A couple of weeks ago, when the heat over Zero Dark Thirty and the issue of torture was already percolating (it still hasn't come close to full boil -- that will happen when conservative commentators start to defend the movie and the liberal Academy Awards machine starts to have doubts about it), I began to frame a few thoughts about where, exactly, the film stood, and one of the things that occurred to me was the possibility that Kathryn Bigelow and Mark Boal, the director and screenwriter, didn't understand their own movie. I figured I probably wouldn't float that theory, since it seemed presumptious and more than a little absurd. But now I don't have to engage in a lot of speculative critical guesswork, since Bigelow and Boal have officially gone on the record. The notion that Zero Dark Thirty is pro-torture, says Boal, is "preposterous." Adds Bigelow: "The point was to immerse the audience in this landscape, not to pretend to debate policy. Was it difficult to shoot? Yes. Do I wish [torture]

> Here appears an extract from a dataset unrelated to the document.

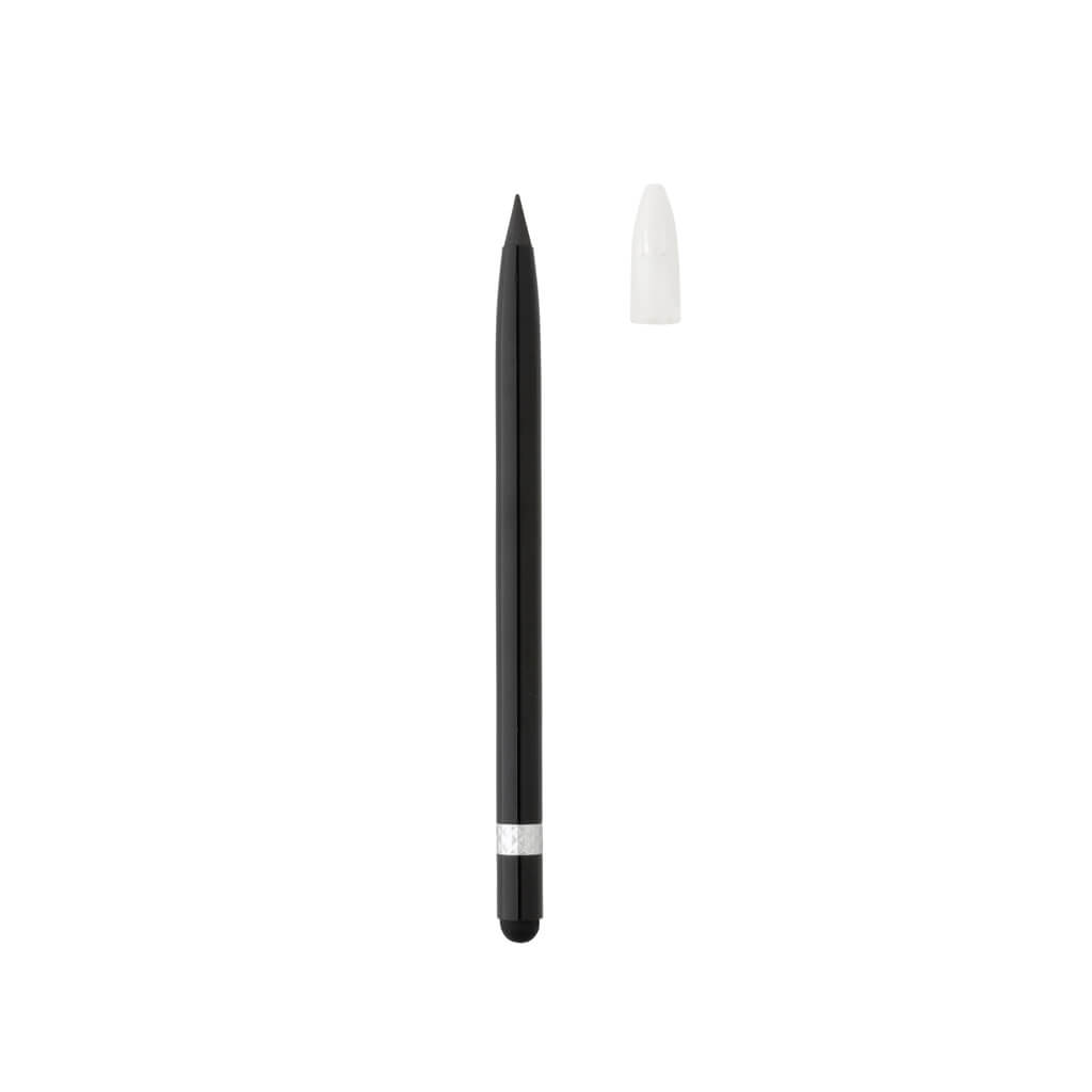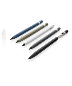This inkless pen with eraser replaces your traditional wooden pencil. It has a writing length of up to 20.000 metres using a graphite tip to produce a graphite line. It features a clean and modern look with the aluminum and on the top you will find an eraser.

was not part of that history? Yes, but it was.”

That sounds reasonable enough. It ties in to the way that Zero Dark Thirty tries, in tone, to adopt a hypnotically open-eyed and objective, almost “neutral” journalistic attitude toward the hunt for Osama bin Laden. Torture, there’s no denying, was a part of this story, and the film’s early scenes, set in a greasy concrete bunker, feel unusually bold and frank in showing us what the reality of that torture was. For American audiences who will now, at last, get a chance to see this already much-awarded and talked-about movie (it opens in limited release today), those scenes are sure to prove a ritual of reckoning.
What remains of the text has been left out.